The Mambila people, who live across Cameroon and Nigeria in West Africa, like to watch the movements of crabs and spiders. As part of a practice called Nggam, a stick and a stone representing a binary choice are offered to the multi-legged creatures, along with some cards placed between them. This is all part of a plan to tell the future.

The wisdom-seekers leave the cards intact for up to 15 minutes, during which time the crab or spider may have come out of its hole and disturbed the cards, producing a pattern that can be interpreted. If particular cards have been moved toward the stick or the stone, then that choice is bound to become reality.

Elsewhere, some people still believe to this day that the position of the stars and planets at the time of their birth has an effect on their future. While in ancient Rome, a haruspex consulted the entrails of sacrificed animals to gain insight into what was about to happen.
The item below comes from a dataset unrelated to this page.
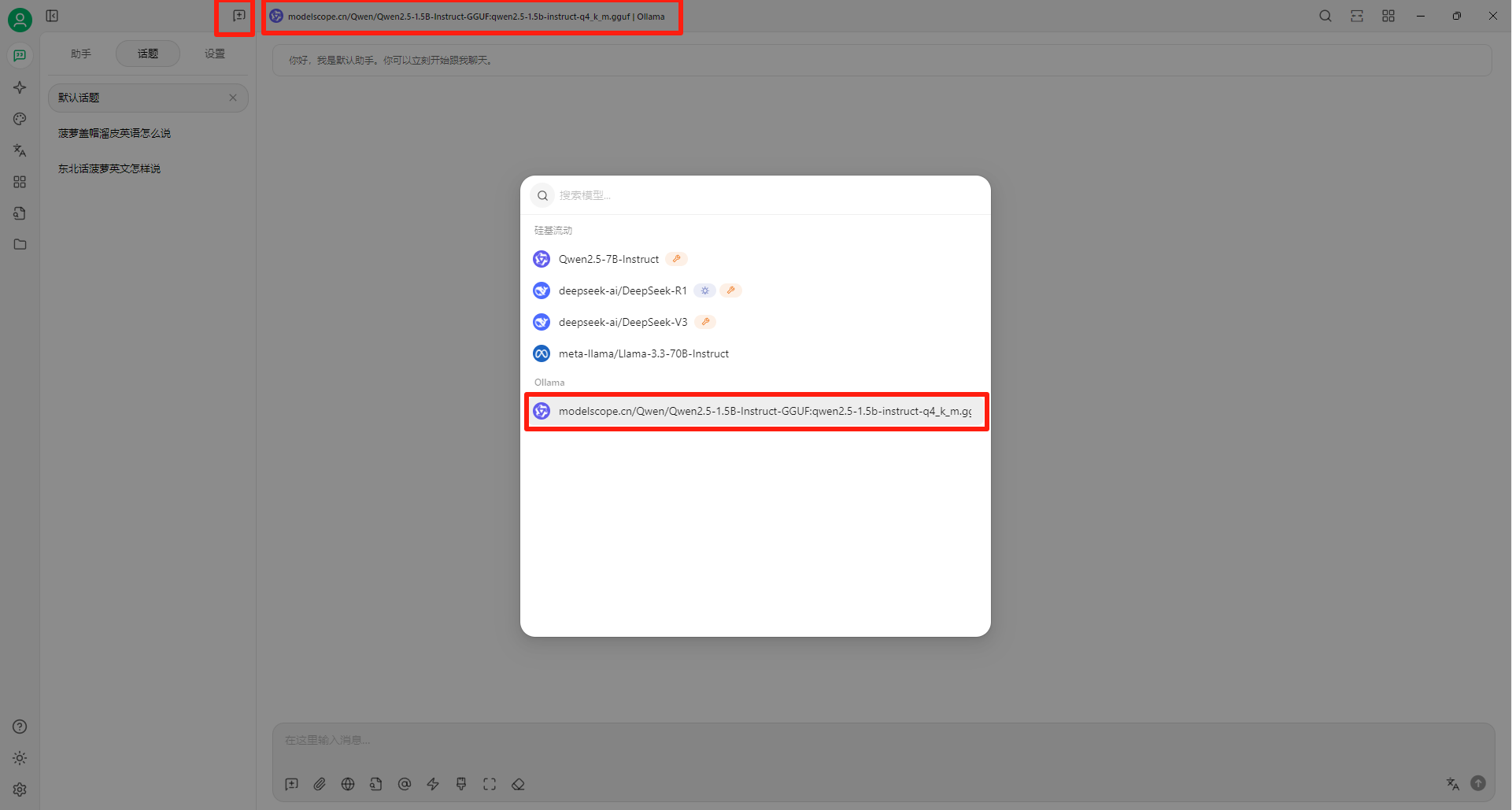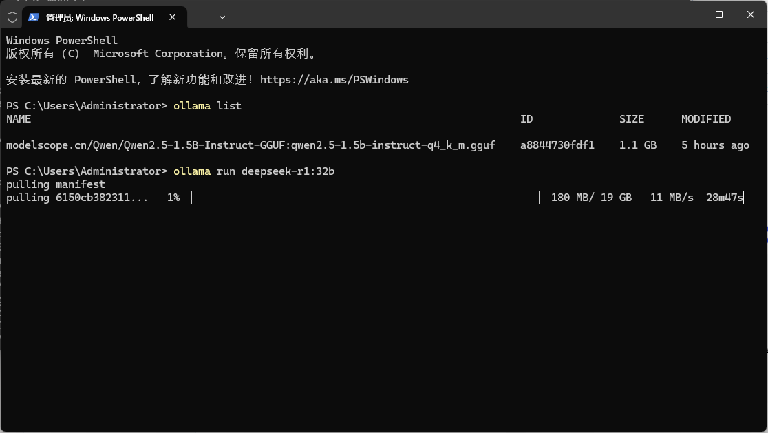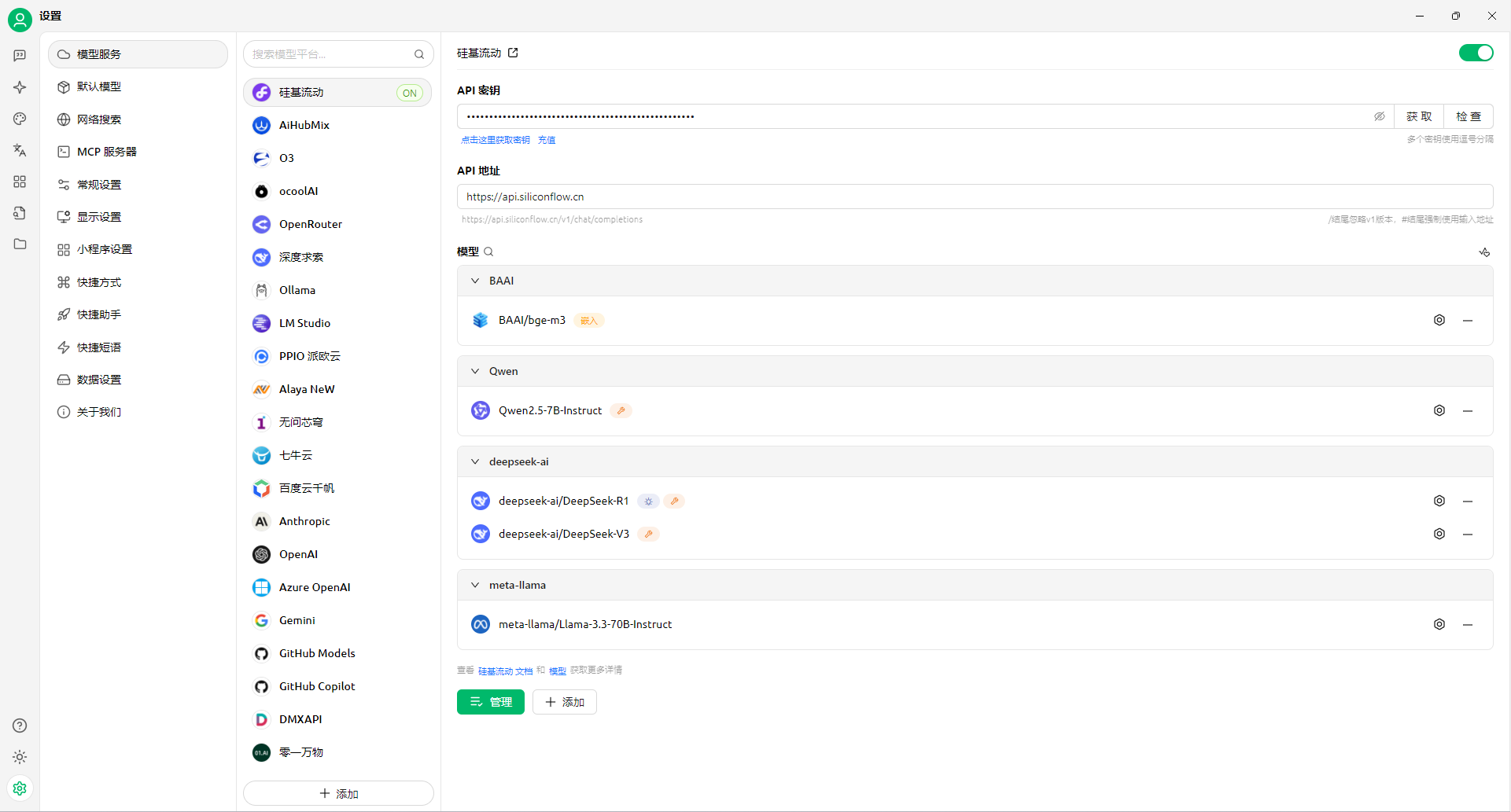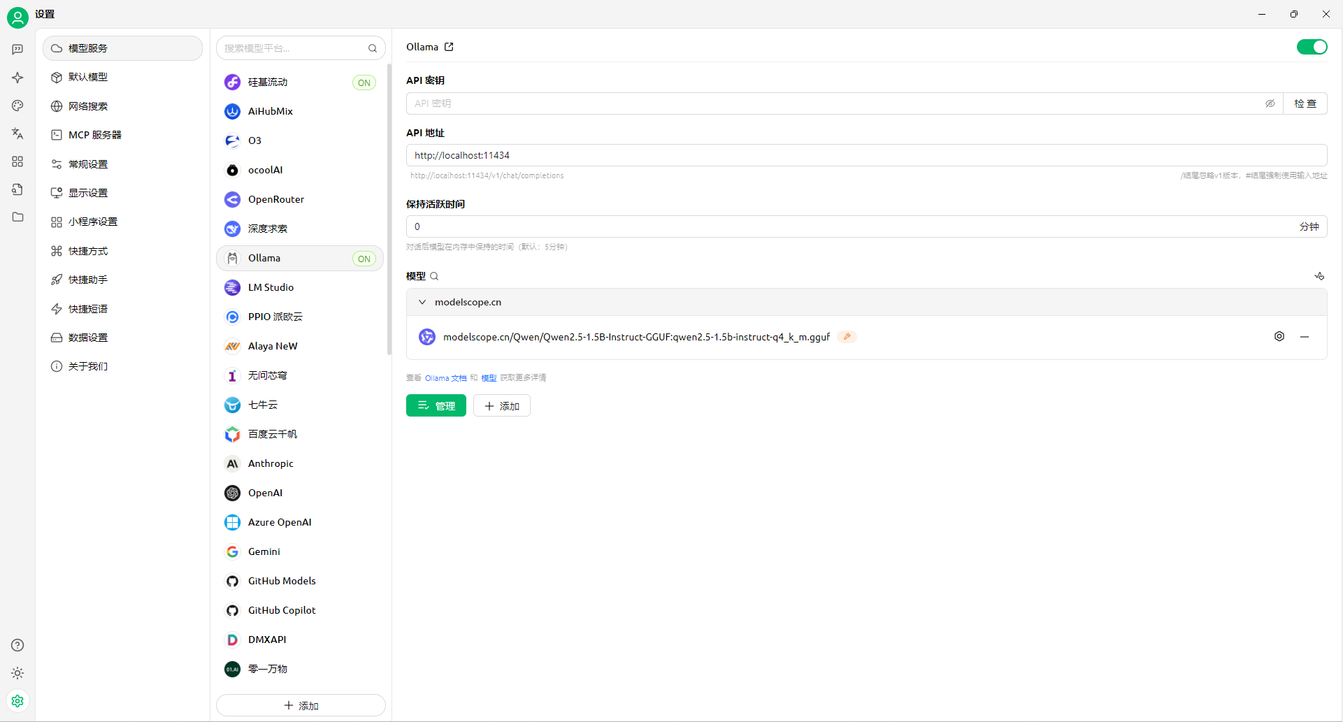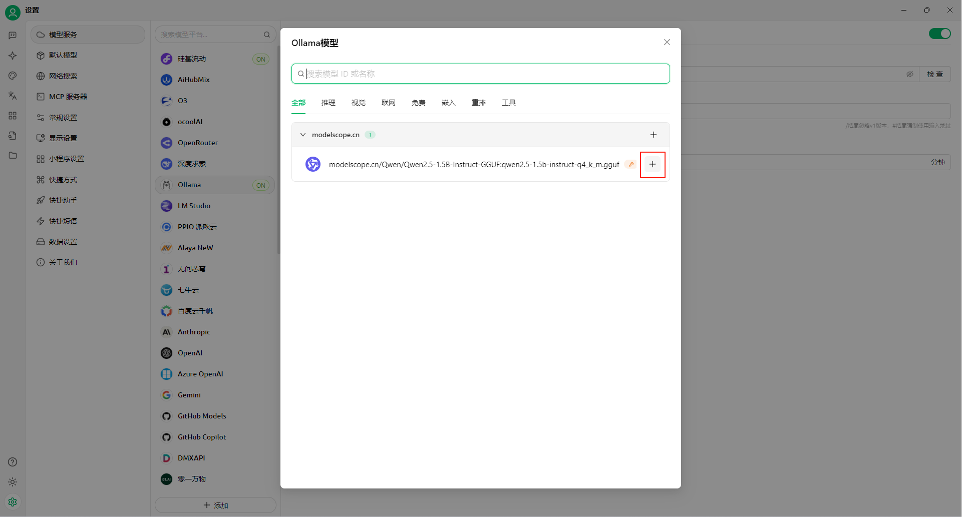Windows11 Ollama Deepseek 通义千问 CherryStudio MCP入门笔记 home 编辑时间 2025/04/16  <br><br> ## 前言 <br><br> ## 折腾 <br> **第一步下载安装Ollama** https://ollama.com/download/windows <br> **第二步安装本地模型** 这里ollama官方就有模型库 https://ollama.com/search <br> 包含绝大部分主流模型 比如说选择DeepSeekR1 32B (对应16G显存的显卡) 如图,官方直接给了类似于Docker的安装命令,会自动从ollama官方模型库中下载安装 命令: `ollama run deepseek-r1:32b` 此时把命令丢到powershell里就可以直接一键安装模型了 <br>  <br>  <br> 另外一个方法就是第三方模型库里面可以下载gguf文件 <br> 具体方法就是先去魔塔社区搜模型 https://www.modelscope.cn/models 魔塔自己还有一个ollama加载魔塔模型教程文档 https://www.modelscope.cn/docs/models/advanced-usage/ollama-integration <br> 比如 关键字 `deepseek r1 32b gguf` 这里必须要gguf的格式的模型才可以本地运行  <br>  <br>  <br> 这里通过 库名+项目名+ 冒号+文件名拼接 得到完整下载地址 `unsloth/DeepSeek-R1-Distill-Qwen-32B-GGUF:DeepSeek-R1-Distill-Qwen-32B-Q6_K.gguf` 再在前面加上固定的魔塔专用的链接 `ollama run modelscope.cn/` <br> 完整的就是 `ollama run modelscope.cn/unsloth/DeepSeek-R1-Distill-Qwen-32B-GGUF:DeepSeek-R1-Distill-Qwen-32B-Q6_K.gguf` <br> 放在windows的管理员权限的powershell运行就可以了 (win11入口是右击开始菜单,选择 '管理员终端') 如图已开始下载模型 (另外此方式优点是方便,一条命令,不写配置文件,缺点是不支持断点续传,如果中断就要从头开始)  <br> 如果此时此刻,26G的DeepSeekR1 32BQ6K下载太慢,或者显卡跑不太起来。 这里再推荐一个迷你的,显卡1060都能顺畅跑的。擅长中文翻译的。且总大小只有1.1G的。 通义千问2.5-1.5B-Q4 KM https://modelscope.cn/models/Qwen/Qwen2.5-1.5B-Instruct-GGUF/file/view/master?fileName=qwen2.5-1.5b-instruct-q4_k_m.gguf&status=2 <br> 完整命令是 `ollama run modelscope.cn/Qwen/Qwen2.5-1.5B-Instruct-GGUF:qwen2.5-1.5b-instruct-q4_k_m.gguf` <br> 下载完成以后,通义千问会默认被启用,直接可以在powershell中对话  用 `/bye` 命令可以退出对话 <br> 退出对话后,用 'ollama list' 可以看当前有哪些模型  <br> **第三步 安装图形化软件 cherry-studio** cherry-studio 用于图形化界面,补全ollama没有图形化的部分 https://cherry-ai.com/download 首次启动界面是这样的,如果现在对话,会报401,因为没有配置地址和token  <br> 这里再推荐一个网站 硅基流动 https://cloud.siliconflow.cn/i/2u9olIBn 此网站包含几乎所有主流AI的API和TOKEN 相当于你把钱充值到硅基流动,然后用硅基流动提供的API地址 随便用哪个AI,都扣的硅基流动的余额。首次注册送14元余额。 <br> 所以cherry-studio是有2种用法 1. 是本地部署AI,燃烧显卡,然后充当ollama的图形界面用 2. 是充值线上AI,燃烧人民币,获取API和TOKEN <br> 再补充一下 线上并不一定全都要收费 我这里企图白嫖,点了一下免费模型 发现硅基流动的模型库里,还真有一堆免费模型 而且本地费劲巴拉,只能跑 `千问2.5 1.5b q4 km` 人家免费版直接给你 `千问 7b` 破防了 <br> 本着白嫖即是正义的原则,这里再分叉一下,先讲下如何用cherry studio + 硅基流动,纯线上不烧显卡的前提下,白嫖token <br> 注册 [硅基流动](https://cloud.siliconflow.cn/i/2u9olIBn) 并点击首页 API密钥 获取API密钥 https://cloud.siliconflow.cn/account/ak  <br> 点击密钥复制 粘贴到cherry studio的设置的模型服务中的硅基流动  <br> 为了防止用他现有的模型可能会收费 接下来我自己添加几个免费模型进来 <br> 访问硅基流动模型库 https://cloud.siliconflow.cn/models <br> 点 `显示筛选器` 点 `只看免费`  <br> 选择一个模型点击进入详情 我这里选择千问2.5 7b演示 点击右侧模型ID 复制 模型ID  <br> 回到 cherry studio 的设置中的硅基流动界面 点击添加 然后粘贴模型id 点添加模型即可  <br> 这里我点添加,出现模型已存在,说明默认自带的这个千问就已经是免费版了 <br> 回到 cherry studio 首页 点击顶部tab切换模型  <br> 随便聊了一下 发现千问7B的智商堪比弱智siri  对比一下同样是硅基流动模型库自带的Deepseek V3  虽然翻译的有点矫揉造作,但是至少反向对了,智商在线 <br> 回到主线剧情,配置ollama到cherry studio 进到cherry studio的设置界面找ollama  这里不需要API,直接点绿色的管理按钮 就可以看到你本地ollama里已安装的模型 点加号添加即可  <br> 回到首页 点击顶部切换模型 点击左上角新建聊天  <br> 这里给他出了一个简单点的翻译问题 毕竟只是1.1G的千问2.5 1.5b 不能要求太高 测试效果一言难尽,速度是快了,内容是一泡污  同样要放一段deepseek v3作为对比,才知道优等生和差生到底差别在哪  <br><br> ## END 本文思路学习了了UP主AI博士嗨嗨的视频 https://www.bilibili.com/video/BV1hXPkeGEiw 送人玫瑰,手留余香 赞赏 Wechat Pay Alipay 沉浸式翻译 Chrome插件 对接本地 Ollama 大模型 笔记 Oracle VirtualBox虚拟机 Alpine Linux v3.21 安装Docker

In Victorian England, the Hermetic Order of the Golden Dawn played a four-player variant of chess in an attempt to predict future events, while the Ancient Greeks practiced dracomancy (predicting the future by way of dragons), though it’s not clear where they found them.

Of course, another way to predict the future is to use computers.

Weather forecasting

Knowing what the weather is going to do is often a case of simply looking out of the window, but being able to predict weather conditions several days in advance is another matter. Being able to predict the future is more useful than knowing whether you’ll need a light jacket or waist-high rubber waders this afternoon.
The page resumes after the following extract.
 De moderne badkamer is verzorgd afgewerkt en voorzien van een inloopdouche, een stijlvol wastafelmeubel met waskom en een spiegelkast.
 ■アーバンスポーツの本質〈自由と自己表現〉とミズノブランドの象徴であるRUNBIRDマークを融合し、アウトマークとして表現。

But predicting the weather is a difficult science because there’s a lot going on in our atmosphere. There’s a lot of data to be processed from orbiting satellites, airplanes, ships at sea, land-based weather stations, and more. But weather forecasting had more humble origins.

It takes us back 170 years, to Vice-Admiral Robert Fitzroy, a celebrated sailor in the British Navy who had been on the second voyage of the HMS Beagle with Charles Darwin, would become governor of New Zealand, and a man who thought the weather ought to be predictable. It generally wasn’t of course, and at the time was considered to be completely chaotic. Indeed, when the idea of forecasting the weather a mere 24 hours in advance was floated in the British Parliament in 1854, the whole place rocked with laughter.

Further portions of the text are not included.